To Caderyn's shock, the grizzled warrior-duke actually cracked a grin at his son's silly quip. He then charged across the room, his firm hands wrapping around his heir, pulling him into a crushing hug. Gasping, Caderyn flailed a bit, awkwardly returning the embrace.
By the blood of the saints, how long had it been since his father had hugged him?
"You smell like a dead pig," Lucan said with a snort, pulling away.
"Funny," Caderyn said, chuckling. "Berent said I smelled like a stable. I'm more inclined to agree with your assessment, father."
"Don't think that embrace means you're forgiven," Lucan said firmly, snatching up the scroll to look it over. "But I am glad you are home."
He handed the scroll to Berent.
"Get this to Ketrik and the alchemists at once. Have them start brewing this immediately."
The younger man took the scroll, gave Caderyn a rare, sheepish smile, then sprinted back out the door.
Lucan looked Caderyn up and down, taking note of the scar on his cheek, the scruffy beard, and the necklace of blue fangs around his neck.
"What's this?" the duke asked, tapping the rune-etched fangs.
The amulet had been a gift from Solveig, given to Caderyn as a memento to remember her by. She'd also crafted a matching amulet to give to their child, to serve as a connection between Caderyn and the child he could never meet.
"Supposedly dragon fangs," Caderyn said. "I won it in a game of dice."
"You found time to gamble on a quest to save your mother's life?" Lucan rolled his one good eye. "Some things never change."

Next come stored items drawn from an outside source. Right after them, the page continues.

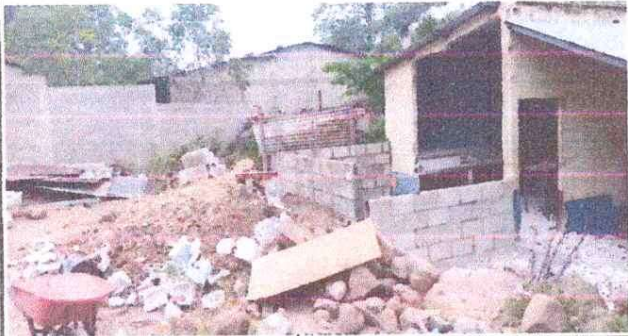
AMPLIACIÓN DE COCINA
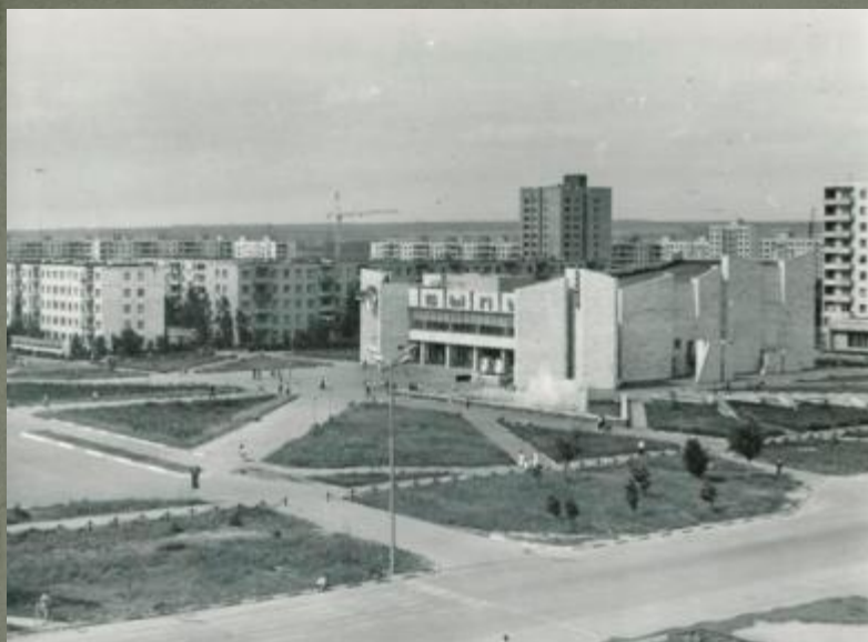
Кинотеатр «Быль». г. Старый Оскол. 1980-е гг.
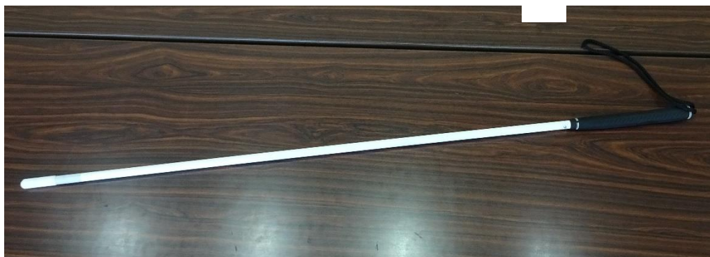
白杖 (最大貸出数 15本)
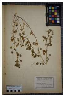
à inconnu observée le 26 mai 1887 par Herbier Pontarlier-marichal

Réseau Tela botanica, Programme Flora Data, version dynamique.
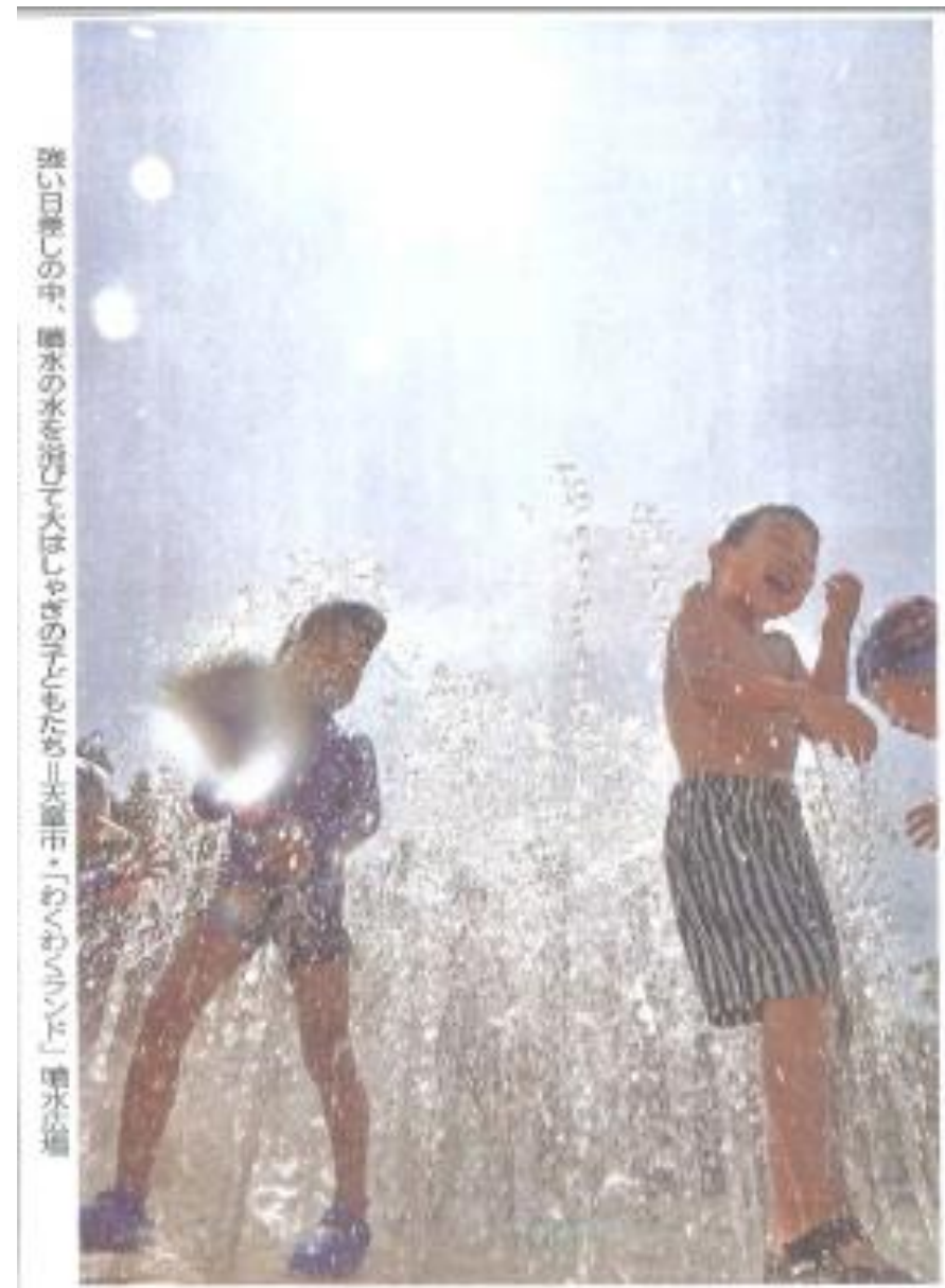
強い日差しの中、噴水の水を浴びて大はしゃぎの子どもたち＝天童市・「わくわくランド」噴水広場
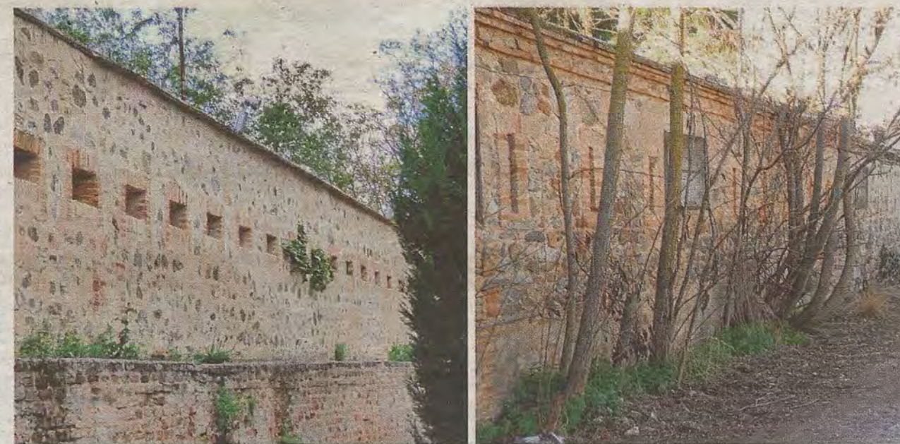
Exterior e interior actual de uno de los baluartes con el recuerdo de las antiguas taquillas para el cine de invierno

En la segunda mitad del XX estas fortificaciones aportarían su último cometido a algo más prosaico: evitar que nadie se colase en el cine de invierno habilitado en una nave interior. Para ello, en uno de los baluartes, se abrieron una puerta y dos taquillas cuyas huellas aún persisten. Portereros y «rondines» tamizaban aquí el acceso del público para ver «El Gordo y el Flaco» y una del Oeste. Por motivos de seguridad también quedaba fuera del recinto fabril la modesta industria del puesto de pipas.

Caderyn almost winced at that, then flopped back down onto the cushioned chair.
"And is that how you won the cure, too?" the duke asked.
His father was far more familiar with Kovgaardian customs than Caderyn was, given his friendship with Ketrik and other northern allies, and due to his past conflicts with the barbarians. Thus he likely already had a notion that Caderyn had sacrificed
something
in order to succeed on his quest.
After staring at his slumbering mother for a few moments, Caderyn finally looked up.
"Are you certain that you wish to know the answer to that, father?"
Lucan clenched his jaw and glanced back to his wife.
"Perhaps not."
The duke sat upon another bedside chair and took his wife's hand.
"Did any new crises ignite while I was gone?" Caderyn asked, after breathing a sigh of relief that his father was not about to press him for details.
"One of the Jadewall barons crossed the border four days ago. His men burned a mill and stole a small herd from Baron Aelred's lands. All of it stemmed from a grazing dispute from last year and the wretched scum took the opportunity of your mother's ailment to try to balance the scales. Duke Thandor has already censured the rogue baron and ordered him to return the cattle but..."
Lucan's hand tightened around Sarya's wrist.
"I fear that Thandor himself may try to use this to his advantage. The disputes over the river crossing tolls have only worsened over the past few years. A squabble over grazing rights could easily be used as justification to craft other grievances."
Brushing his finger over the scar that had been inflicted by the crossbow bolt, Caderyn frowned at his mother.
"Do you think Thandor had anything to do with this?"
"I don't know," Lucan said with a sigh. "It's too...clumsy. He's a clever bastard and likely could have found a more subtle method of attempting this."
"Unless he picked the less subtle way for that exact reason," said Caderyn. "A clumsy, obvious attack to throw us off the scent."
"That's exactly what several of our councilors said. But Berent was working on some other leads, some of which may prove promising."
As they waited for the alchemists to return, Lucan filled his son in on what else he'd missed. Fellhaven's barons along the border with Jadewall were in an uproar after the cattle raid, with many swearing vengeance and raising their levies, but Lucan had ordered them to stand down. Caderyn's sister Vienne had written several letters from her home in Utresk, swearing to raise her husband's forces to aid Fellhaven if Thandor was in fact plotting something. Caderyn had chuckled at that, knowing that the fiery Vienne must have loathed being so far away from the crisis.